Usually there is no dependency relation between any of these tools and the programs whose behaviour is changed.

Affected packages:

Library plugin

A shared library may provide an interface for extension by loading further libraries during runtime. Two examples for this technique are PAM and NSS. PAM modules are loaded dynamically into programs that use libpam for authenticating users. NSS modules are loaded dynamically into programs that use the C library for name or user resolution. In both case programs programs link against libpam0g or libc6 which are both M-A:same each. Neither usually express any dependency relation on the modules, so it is possible that the modularized library is installed for multiple architectures, but the configured extension modules are not installed.

Usually there is no dependency relation between these plugins and programs that are affected by linking libpam0g or libc6.

Affected packages:

TODO: update numbers against sid

Interpreter issue

Interpreted languages such as Perl or Python can be extended with architecture dependent as well as architecture independent modules that may interact with each other. This case was envisaged when the current multiarch specification was written. The idea was that interpreters should be marked with M-A:allowed. Then architecture independent modules could have their interpreter dependencies annotated with :any. What has happened instead is that embeddable interpreters are marked with M-A:same effectively allowing it to be available in multiple architectures at the same time. The availability of interpreters as shared libraries renders this dependency annotation with :any unusable. A module using such annotations would introduce architecture boundaries where there are none. A good explanation of the issues including examples given by Guillem Jover. Essentially the usability of an architecture independent module on a particular architecture depends on the availability of all of its recursive dependencies in that architecture. This restriction currently cannot be expressed to the dependency system and therefore all architecture independent modules are considered to have the native architecture.

Affected packages:

TODO: refresh numbers TODO: link to generation script

Note that not all languages mentioned above can be embedded, but at least Perl, Python and Ruby can. A lower bound on the number of affected packages therefore is ~280.

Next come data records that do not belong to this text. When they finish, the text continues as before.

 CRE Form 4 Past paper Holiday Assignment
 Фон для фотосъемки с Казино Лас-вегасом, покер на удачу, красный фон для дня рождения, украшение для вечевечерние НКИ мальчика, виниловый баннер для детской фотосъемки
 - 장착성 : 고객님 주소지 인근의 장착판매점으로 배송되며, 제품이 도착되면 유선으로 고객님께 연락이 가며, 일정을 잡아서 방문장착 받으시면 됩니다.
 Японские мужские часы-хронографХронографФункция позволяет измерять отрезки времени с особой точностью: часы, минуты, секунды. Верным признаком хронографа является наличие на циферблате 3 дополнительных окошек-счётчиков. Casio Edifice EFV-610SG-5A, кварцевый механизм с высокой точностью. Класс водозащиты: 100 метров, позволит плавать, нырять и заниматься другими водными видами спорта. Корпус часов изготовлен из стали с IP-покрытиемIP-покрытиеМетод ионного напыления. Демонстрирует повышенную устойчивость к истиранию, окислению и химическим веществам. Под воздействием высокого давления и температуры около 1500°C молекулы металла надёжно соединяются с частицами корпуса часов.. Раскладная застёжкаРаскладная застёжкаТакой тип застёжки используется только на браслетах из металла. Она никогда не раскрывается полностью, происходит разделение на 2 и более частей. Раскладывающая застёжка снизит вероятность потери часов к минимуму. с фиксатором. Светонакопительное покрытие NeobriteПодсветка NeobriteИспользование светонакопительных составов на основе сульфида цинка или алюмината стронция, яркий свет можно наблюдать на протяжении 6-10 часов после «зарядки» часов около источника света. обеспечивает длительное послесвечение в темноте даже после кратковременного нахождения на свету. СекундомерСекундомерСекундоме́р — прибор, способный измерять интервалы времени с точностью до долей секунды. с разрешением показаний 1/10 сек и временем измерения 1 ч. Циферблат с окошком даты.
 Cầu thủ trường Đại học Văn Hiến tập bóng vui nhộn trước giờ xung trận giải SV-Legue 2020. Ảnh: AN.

In all of these cases there is a dependency path starting in one of the affected architecture independent modules, passing an architecture dependent module, and ending in an interpreter package.

Solutions

The solutions presented here are roughly ordered by ascending complexity.

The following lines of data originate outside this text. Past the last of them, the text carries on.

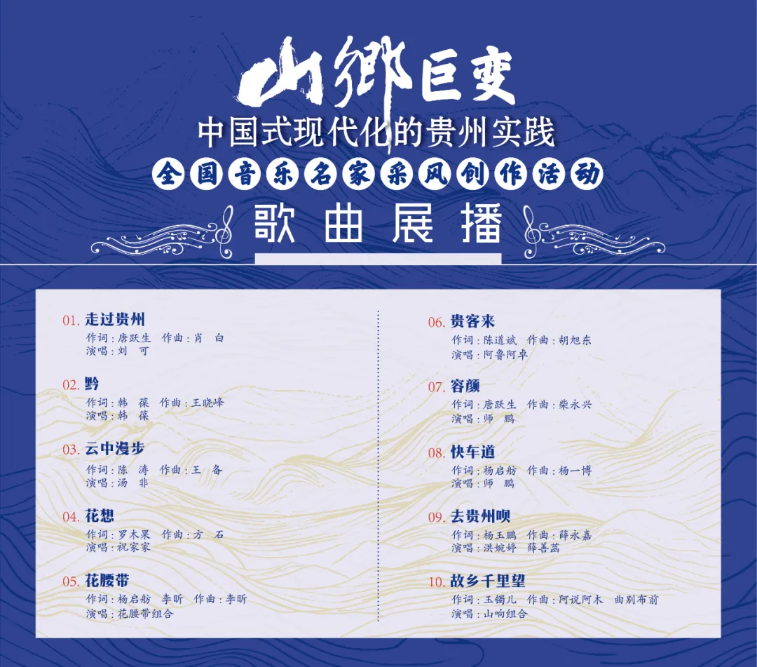 为深入贯彻党的二十大精神和习近平文化思想,推动多彩贵州文化强省建设,在中国文联指导下,中共贵州省委宣传部、中国音乐家协会、贵州省文学艺术界联合会联合组织了“山乡巨变——中国式现代化的贵州实践”全国音乐名家大型采风创作活动,全国音乐名家深入贵州的丹寨、从江和黔西等市县采风,音乐名家们感受其巨变之震撼,体验其民风之淳朴,汲取传统之精髓,融合时代之元素,将亲眼所见的贵州美景、亲身体验的贵州风情,转化为一句句动人的歌词、一段段优美的旋律,创作出一批既具民族特色又富时代气息的歌曲,唱响贵州山乡巨变的颂歌。昔日之贵州“连峰际兮,飞鸟不通”,今日之贵州经济兴、百姓富、生态美。这些歌曲或激昂慷慨,或婉转悠扬,或古朴典雅,或时尚前卫,无不凝聚着音乐家们的智慧与心血,展现着中国文化的独特魅力,书写和记录着贵州的自然风光与人文风情,也记录着贵州在经济、社会、文化、交通等各方面的巨大变迁,展现了贵州在新时代背景下的蓬勃发展。为集中推广、宣传这批优秀作品,唱响时代主旋律,讲好中国式现代化的生动故事,凝聚奋进新征程、建功新时代的信心和力量,7月19日,在中国文联举行了首发仪式,现对这组歌曲进行逐一展播。
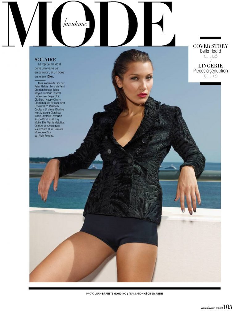 Bella Hadid está en la revista Madame Figaro, 27/10/2017. Fotos de Jean-Baptiste Mondino. Isabella Hadid es una supermodelo estadounidense de moda, estrella de reality tv, actriz. Edad – 21 años.
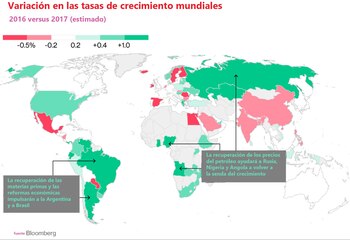 Según las proyecciones de los analistas consultados por Bloomberg, el crecimiento en la Argentina "podría acelerarse en más de 5 puntos porcentuales este año", al pasar de -2,1% en 2016 a 3% en 2017, aunque advirtió que dicha tasa podría acarrear la continuidad de un proceso de "alta inflación".

Conversion to Arch:any M-A:same

The interpreter issue can be mitigated by turning affected architecture independent modules into architecture dependent packages marked with M-A:same.

Solves: interpreter

Pros:

Cons:

Multi-Arch: all

A new value "all" for the Multi-Arch can be added. This value implies the semantics of the value "same". In addition it causes the package to be automatically installed for all native and foreign architectures configured with dpkg.

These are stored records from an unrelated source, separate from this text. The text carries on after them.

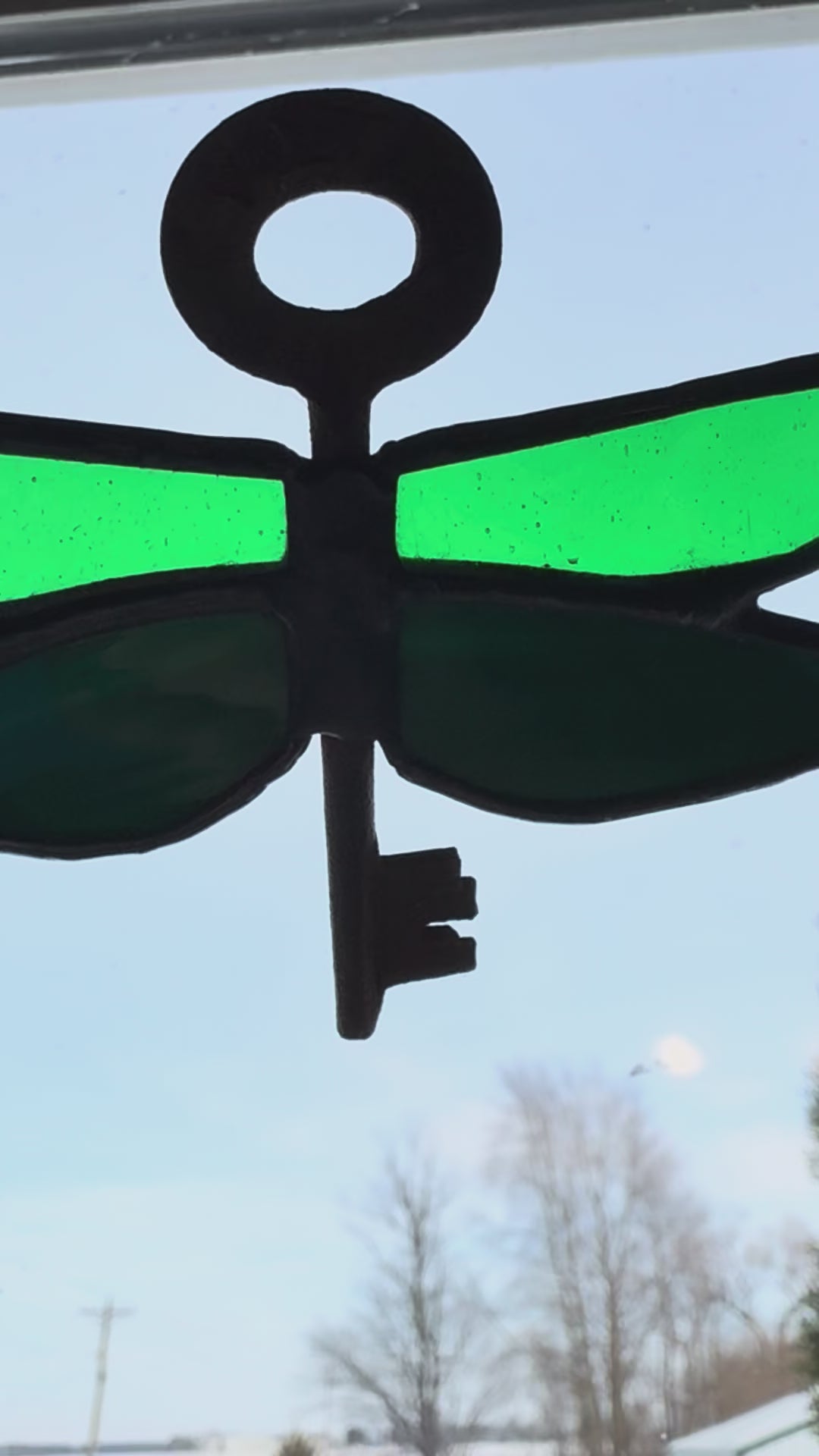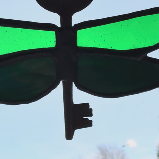 I’ve made a ton of these fun dragonfly’s thru the summer season and this glass colorway combines glass from Ragland Park from Kokomo Opalescent Glass Company and estate glass. The deep green actually has lighter streaks you can see in bright sun! Throw in a thrifted key for the dragonfly body and it’s a perfect match. It measures approximately 4x3 inches.
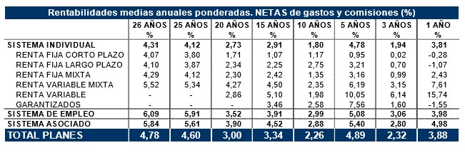 En el largo plazo, los Planes de Pensiones siguen generando rendimientos positivos para sus partícipes. A 26 años, la rentabilidad media anual alcanza el 4,8%. Igual sucede en el medio plazo, con una rentabilidad media anual del 4,9% a 5 años y del 2,3% a 10 años.
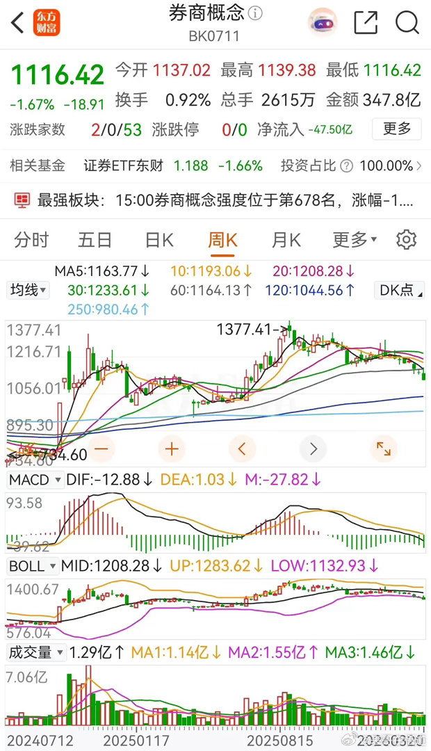三是“控盘工具”属性:券商概念板块在非牛市环境下常被用于护盘或砸盘(如2025年12月的护盘、2026年1月的调控过热等),如今再也不是领涨主线了。
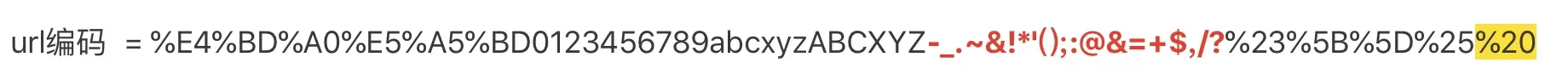 可通过第二章的4.2小节了解到,-_.~&!*'();:@&=+$,/?#[]%(最后一个是空格)这些特殊字符可能存在于网址请求的路径或参数表中,若不进行转义编码,容易在URL解析时,引起歧义,造成解析错误,找不到指定的资源,造成网络请求失败或错误。此方式只能用于处理URL编码规定字符集之外的字符且不含有以上特殊字符的编码处理。
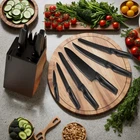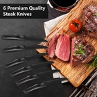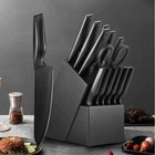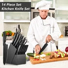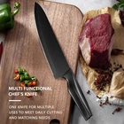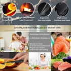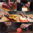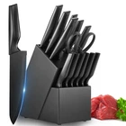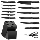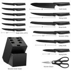 【Comprehensive knife set】: This 13-pieces stainless steel knives, including a chef knife, a slicer knife, a bread knife, a santoku knife, a utility knife, a paring knife, a kitchen shear and six steak knives. 【Premium material】: Each knife is made of high-quality stainless steel to stay sharp and durable, providing you with a reliable cooking companion. 【Hygienic and convenient】: Knives are covered with black non-stick paint coating, which is easy to clean, ensuring the hygiene and safety of food ingredients. 【Functional wooden block】: A functional wooden block not only organizes knives but also provides additional workspace and adds a pop of color to your kitchen. 【Professional design】: Each knife is well designed for cutting all kinds of ingredients to ensure a sharp edge,which can meet your cooking needs.Our product is ergonomically designed, it's easy to hold.
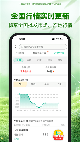 基于平台真实的交易价格及丰富的行情信息来源,大量采集来自供应端、采购端、批发市场的实时价格数据,并结合复杂的大数据智能算法,帮助农业从业者及时掌握全国农产品产销行情和农业商机。目前,行情囊括水果蔬菜、农资种苗、水产海鲜、农副产品等多个类目,每日实时更新,更有平台活跃的行情官每日实时播报产销行情。此外,还提供智能搜索、行情短评等功能,为用户进行农产品供需分析和预测提供数据指南,成为农业从业者重要的生意参谋。
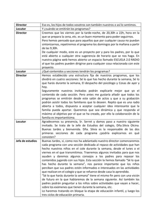 Este documento presenta el proyecto de una emisora de radio escolar llamada "Escuela 2.0" creada por un colegio para promover la colaboración entre la escuela y las familias. La emisora tendrá programas los viernes y domingos con cuatro secciones: actividades escolares de la semana, actividades escolares de la próxima semana, consejos del psicólogo escolar y entrevistas con personas mayores sobre la historia y tradiciones locales. El objetivo es mantener informadas a las familias sobre la educación de sus hijos y for
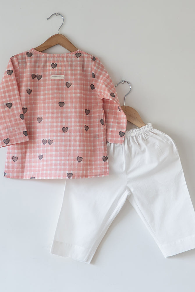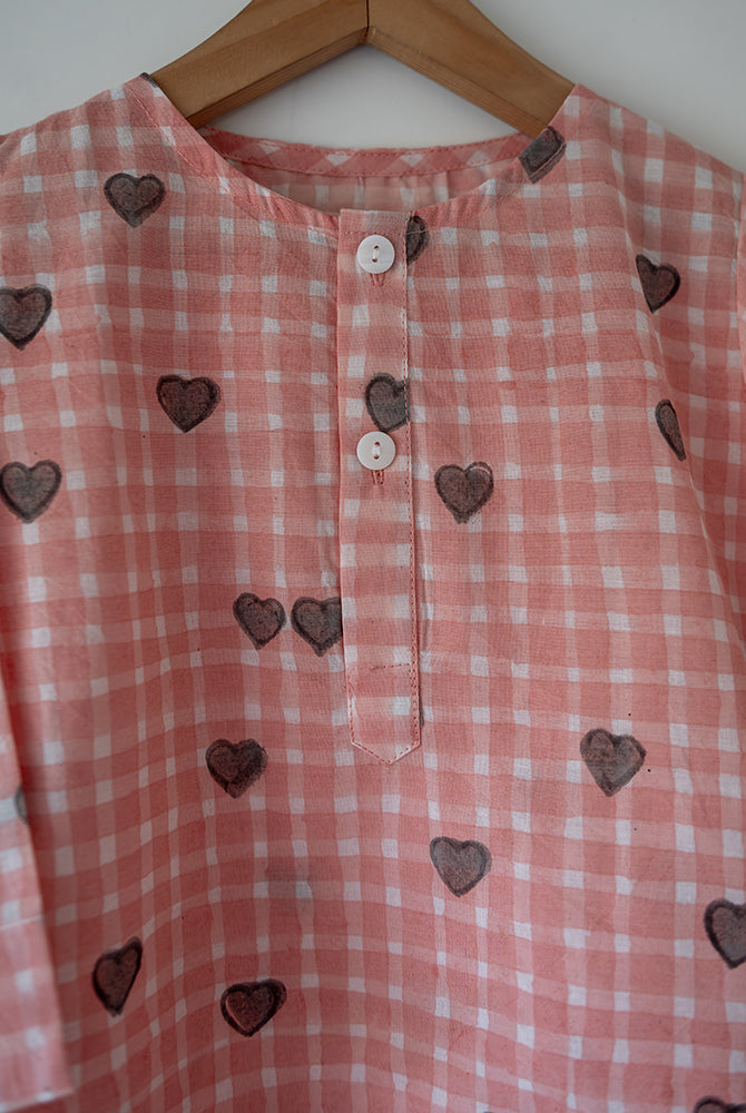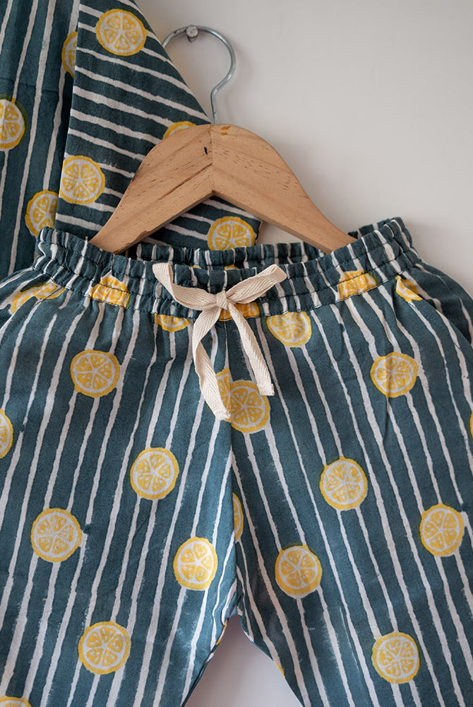 Sleepover Party Kurta and Shorts Co-ord Set - Lemon Drizzle Red Print

Solves: library extension, interpreter

Cons:

Install-same-as header

The basic idea is to tell packages to be installed in all architectures that a given other package is installed for. To that end a new optional header for binary packages can be added. The value contains one of its dependencies. A package carrying this header must be M-A:same. It is only considered installed if it is installed for all architectures that the listed package is installed for.

In case of libpam0g and libc6 all plugins and LD_PRELOAD libraries would list these packages in the new header. Architecture dependent modules to interpreters would list the respective shared interpreter library package.

Solves: library extension, interpreter

Cons:

Running architectures

The idea behind this approach is very similar to turning relevant packages Architecture: any and M-A:same. The major difference here is that it is done internally to dpkg and applied to every architecture independent package automatically. Instead of considering architecture independent packages to be installed for the native architecture, dpkg tracks set of architectures for which they are considered installed. New operations are added to dpkg to augment or shrink these sets. For instance when removing a dependency of an architecture independent package, the set may need to be shrunk. On the other hand installing a package can be done without extending architecture sets of other packages. Thus the dpkg state underapproximates the available functionality provided by packages. At a later time one may notice that the dependencies of an architecture independent package are satisfied in another architecture and then extend its corresponding architecture set.

In the context of the interpreter issue, this extension causes architecture independent modules to inherit the architecture information of the interpreters. For this to work with embedded interpreters, modules need to add the embedded interpreters (being M-A:same) as an alternative to their main interpreter dependency (at least in the Perl and Python worlds).

Solves: interpreter

Pros:

Cons:

Running architectures with group tracking

As the title suggests this is an extension to the "Running architectures" proposal. It addresses the package splitting aspect by tracking multiple architectures for architecture independent packages. Interpreter packages (M-A:allowed) are used as special markers in the dependency tree and induce new sets of architectures. A package (possibly indirectly) depending on e.g. Python is then considered to be installed for the purpose of using it with Python on a set of architectures that may be different from the set of architectures for other purposes. When resolving dependencies all M-A:allowed packages in the transitive dependency set are considered as purposes. For each purposes the subset of packages indirectly depending on a purpose is considered. Dependencies are resolved within such a purpose and a set of running architectures is determined. In addition there is an empty purpose covering all packages. A package's dependencies are considered satisfied if dependencies are satisfied with respect to the empty purpose or if the package indirectly depends on at least one M-A:allowed package and its dependencies are satisfied with respect to all purposes except for the empty purpose. In practise this means that packages using e.g. both Perl and Python are no longer considered to be installed for a single architecture. Instead the package may be running on a mix of architectures. Unless such a package is M-A:foreign itself, it will not be able to fulfil dependencies on it at all.

Pros: (see also "Running architectures")

Cons:

TODO: specification TODO: implementation plan